- [Requirement]:
Below are the entries to work from; restate word for word the portion that opens with the line containing "Хороший ошейник, подойдёт" and closes with the line containing "箱欄板內長(mm):3800, 貨欄顏色可變化, 文字噴涂位置可變化。后部液壓尾板收起狀態長度是250mm。", keeping both.

- [Available data]:

--- START ---

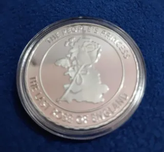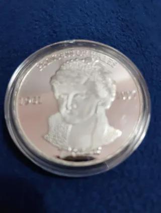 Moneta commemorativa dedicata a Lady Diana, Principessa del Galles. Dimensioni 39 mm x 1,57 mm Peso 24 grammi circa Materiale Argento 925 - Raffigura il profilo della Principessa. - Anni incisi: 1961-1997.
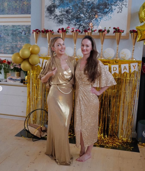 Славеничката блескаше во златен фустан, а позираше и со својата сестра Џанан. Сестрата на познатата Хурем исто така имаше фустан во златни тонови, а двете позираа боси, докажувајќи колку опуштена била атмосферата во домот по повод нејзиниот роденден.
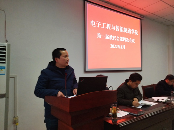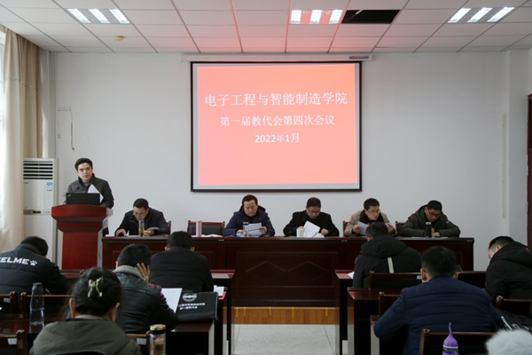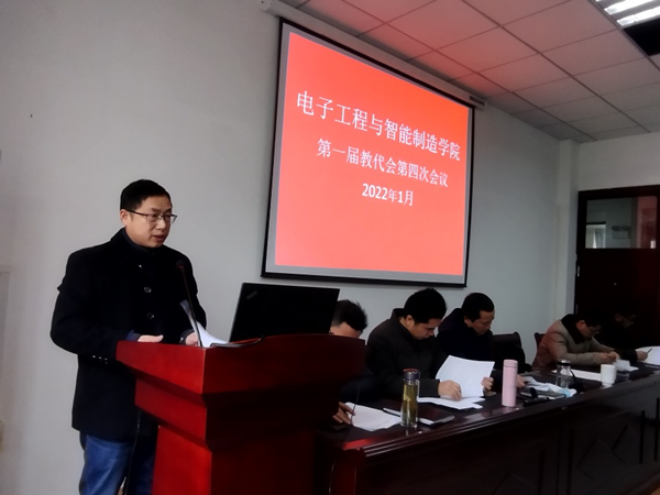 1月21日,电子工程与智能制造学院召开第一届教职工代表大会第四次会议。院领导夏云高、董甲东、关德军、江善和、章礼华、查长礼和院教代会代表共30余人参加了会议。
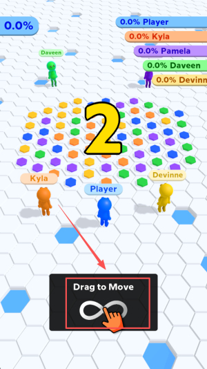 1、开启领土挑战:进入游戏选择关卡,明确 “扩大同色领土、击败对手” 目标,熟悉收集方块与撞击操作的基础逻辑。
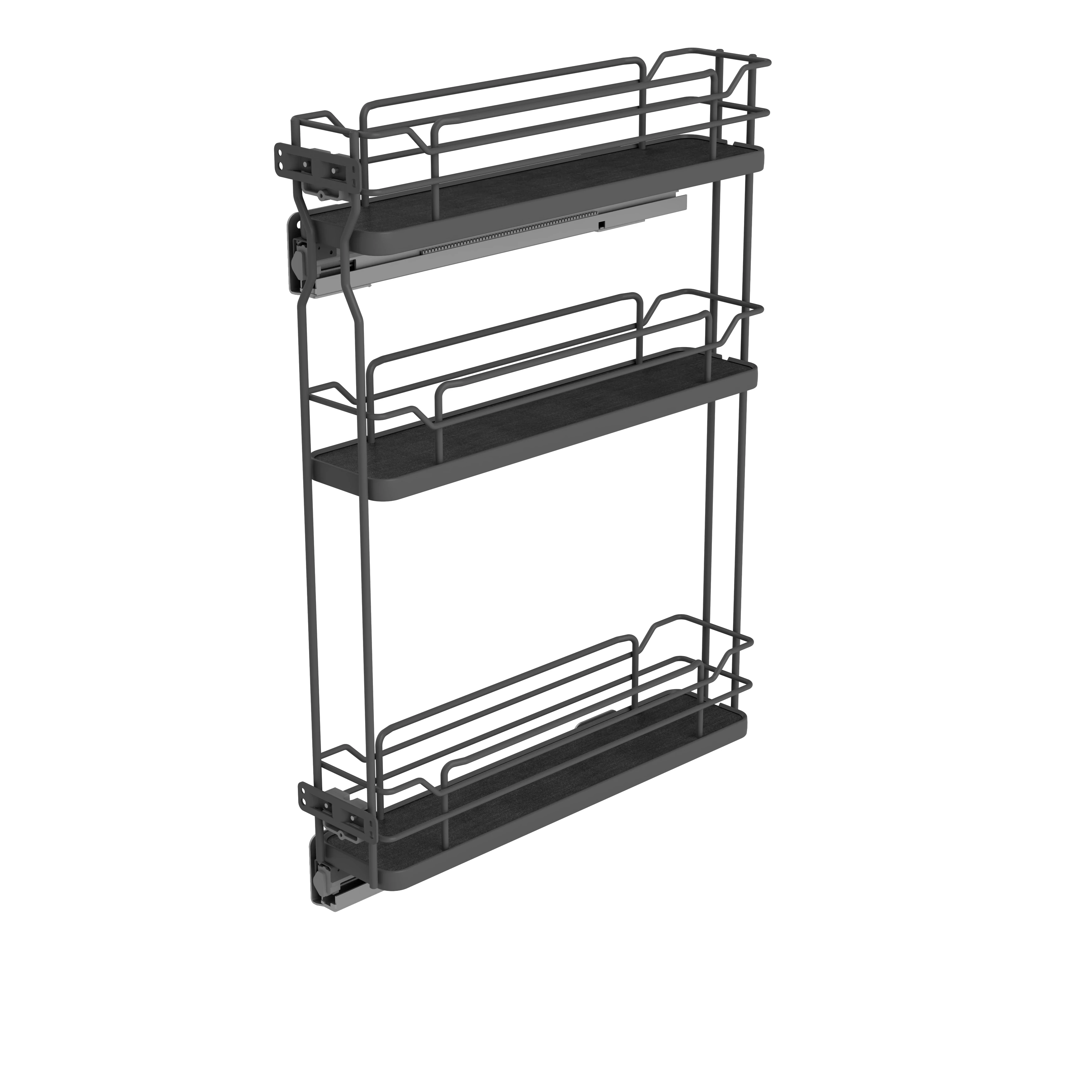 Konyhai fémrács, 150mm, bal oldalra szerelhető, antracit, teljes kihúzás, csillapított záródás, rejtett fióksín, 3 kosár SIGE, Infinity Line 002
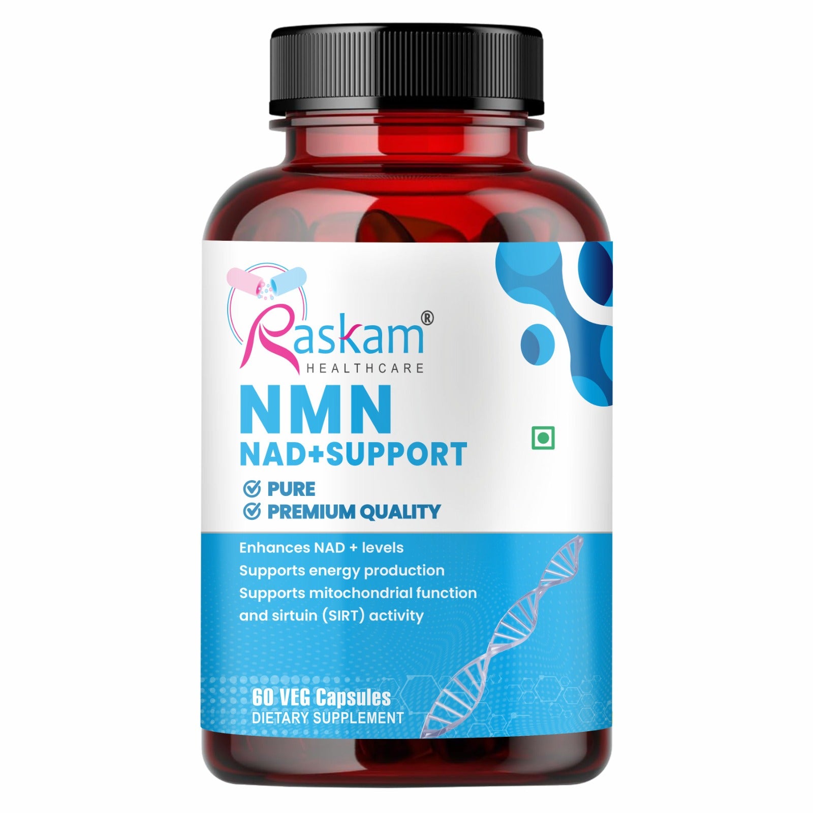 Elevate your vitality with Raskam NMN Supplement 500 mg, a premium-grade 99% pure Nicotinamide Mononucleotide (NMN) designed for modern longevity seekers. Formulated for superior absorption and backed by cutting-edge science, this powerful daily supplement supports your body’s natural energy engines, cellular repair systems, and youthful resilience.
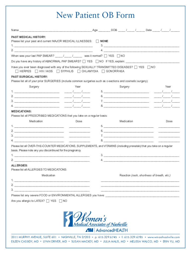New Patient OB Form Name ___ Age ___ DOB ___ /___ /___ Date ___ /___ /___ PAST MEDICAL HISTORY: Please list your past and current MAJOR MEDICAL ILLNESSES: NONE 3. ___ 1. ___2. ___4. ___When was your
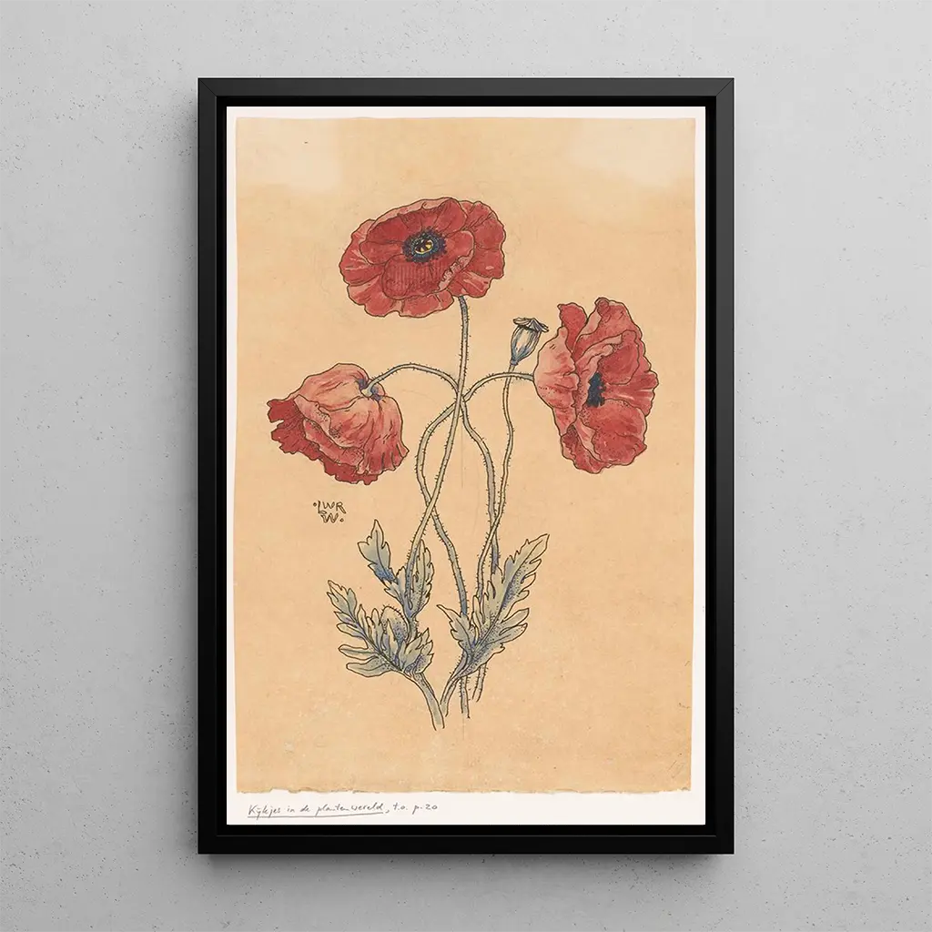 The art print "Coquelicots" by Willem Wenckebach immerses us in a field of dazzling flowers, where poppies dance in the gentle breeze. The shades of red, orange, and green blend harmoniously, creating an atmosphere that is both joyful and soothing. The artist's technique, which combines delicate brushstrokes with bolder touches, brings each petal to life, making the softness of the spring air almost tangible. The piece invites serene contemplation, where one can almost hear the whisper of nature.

--- END ---
--- START ---

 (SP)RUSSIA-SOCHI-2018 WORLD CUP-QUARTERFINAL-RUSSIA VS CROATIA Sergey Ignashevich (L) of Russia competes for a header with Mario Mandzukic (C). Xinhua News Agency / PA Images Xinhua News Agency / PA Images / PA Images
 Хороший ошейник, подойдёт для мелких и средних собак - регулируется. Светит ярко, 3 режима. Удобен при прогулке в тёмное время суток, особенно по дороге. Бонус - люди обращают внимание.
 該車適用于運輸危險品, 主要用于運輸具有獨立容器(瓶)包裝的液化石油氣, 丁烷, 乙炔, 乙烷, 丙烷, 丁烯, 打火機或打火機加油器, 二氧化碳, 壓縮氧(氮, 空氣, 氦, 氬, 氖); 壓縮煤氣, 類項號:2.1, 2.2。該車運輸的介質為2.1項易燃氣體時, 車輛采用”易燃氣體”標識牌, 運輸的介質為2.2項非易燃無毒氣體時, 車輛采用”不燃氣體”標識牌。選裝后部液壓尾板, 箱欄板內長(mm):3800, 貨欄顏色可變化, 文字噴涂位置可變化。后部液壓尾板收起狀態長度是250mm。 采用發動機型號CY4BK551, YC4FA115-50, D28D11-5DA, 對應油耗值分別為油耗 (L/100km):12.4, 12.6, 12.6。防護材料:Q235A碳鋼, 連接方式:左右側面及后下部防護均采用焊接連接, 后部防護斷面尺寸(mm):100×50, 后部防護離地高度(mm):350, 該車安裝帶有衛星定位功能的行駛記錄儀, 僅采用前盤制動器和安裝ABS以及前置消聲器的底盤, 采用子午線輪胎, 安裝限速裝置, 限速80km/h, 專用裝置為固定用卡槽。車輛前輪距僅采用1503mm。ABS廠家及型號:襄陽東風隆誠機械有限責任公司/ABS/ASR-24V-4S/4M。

--- END ---
--- START ---

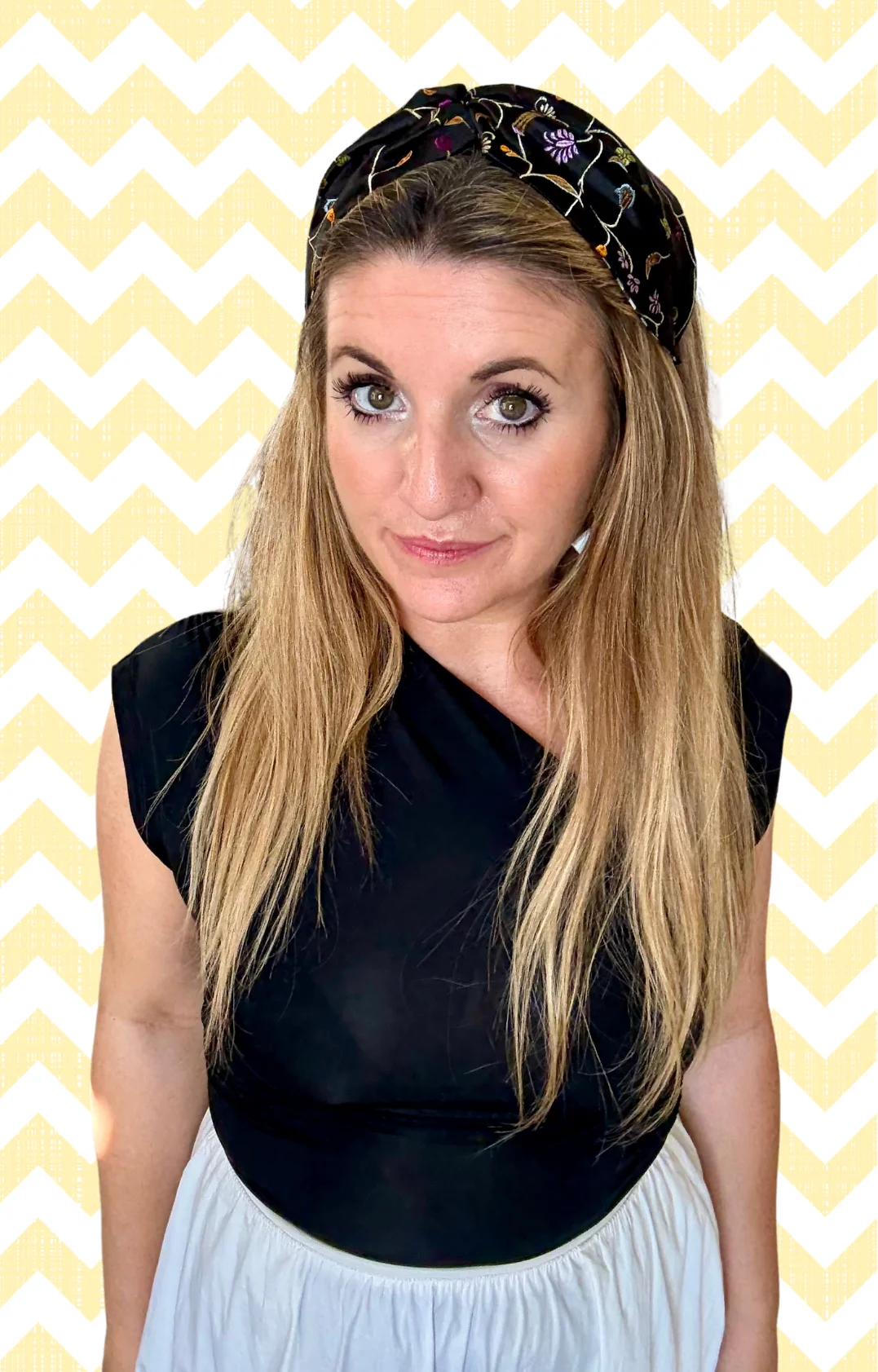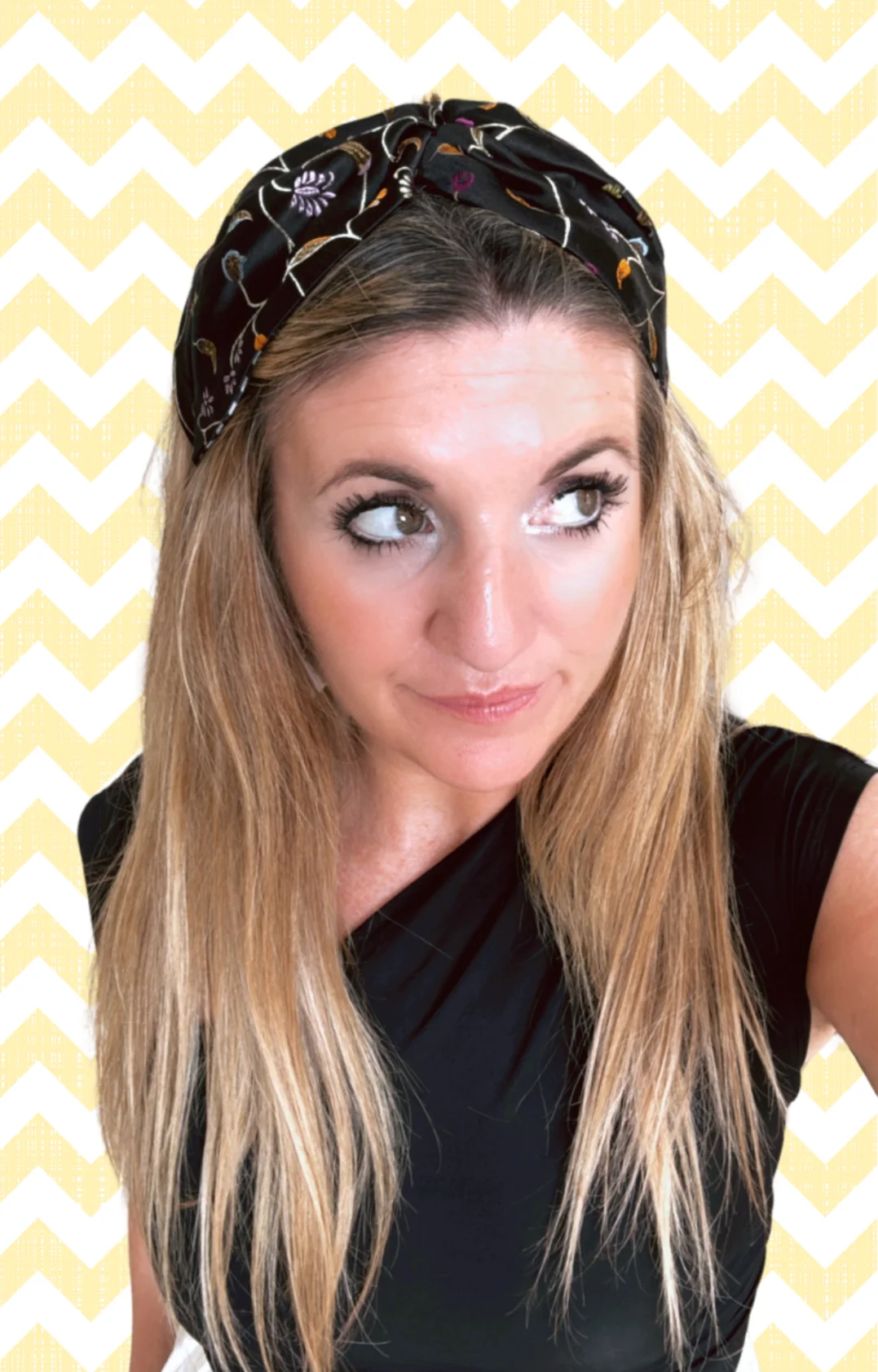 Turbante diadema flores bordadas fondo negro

--- END ---

- [Answer to this problem]:
 Хороший ошейник, подойдёт для мелких и средних собак - регулируется. Светит ярко, 3 режима. Удобен при прогулке в тёмное время суток, особенно по дороге. Бонус - люди обращают внимание.
 該車適用于運輸危險品, 主要用于運輸具有獨立容器(瓶)包裝的液化石油氣, 丁烷, 乙炔, 乙烷, 丙烷, 丁烯, 打火機或打火機加油器, 二氧化碳, 壓縮氧(氮, 空氣, 氦, 氬, 氖); 壓縮煤氣, 類項號:2.1, 2.2。該車運輸的介質為2.1項易燃氣體時, 車輛采用”易燃氣體”標識牌, 運輸的介質為2.2項非易燃無毒氣體時, 車輛采用”不燃氣體”標識牌。選裝后部液壓尾板, 箱欄板內長(mm):3800, 貨欄顏色可變化, 文字噴涂位置可變化。后部液壓尾板收起狀態長度是250mm。 采用發動機型號CY4BK551, YC4FA115-50, D28D11-5DA, 對應油耗值分別為油耗 (L/100km):12.4, 12.6, 12.6。防護材料:Q235A碳鋼, 連接方式:左右側面及后下部防護均采用焊接連接, 后部防護斷面尺寸(mm):100×50, 后部防護離地高度(mm):350, 該車安裝帶有衛星定位功能的行駛記錄儀, 僅采用前盤制動器和安裝ABS以及前置消聲器的底盤, 采用子午線輪胎, 安裝限速裝置, 限速80km/h, 專用裝置為固定用卡槽。車輛前輪距僅采用1503mm。ABS廠家及型號:襄陽東風隆誠機械有限責任公司/ABS/ASR-24V-4S/4M。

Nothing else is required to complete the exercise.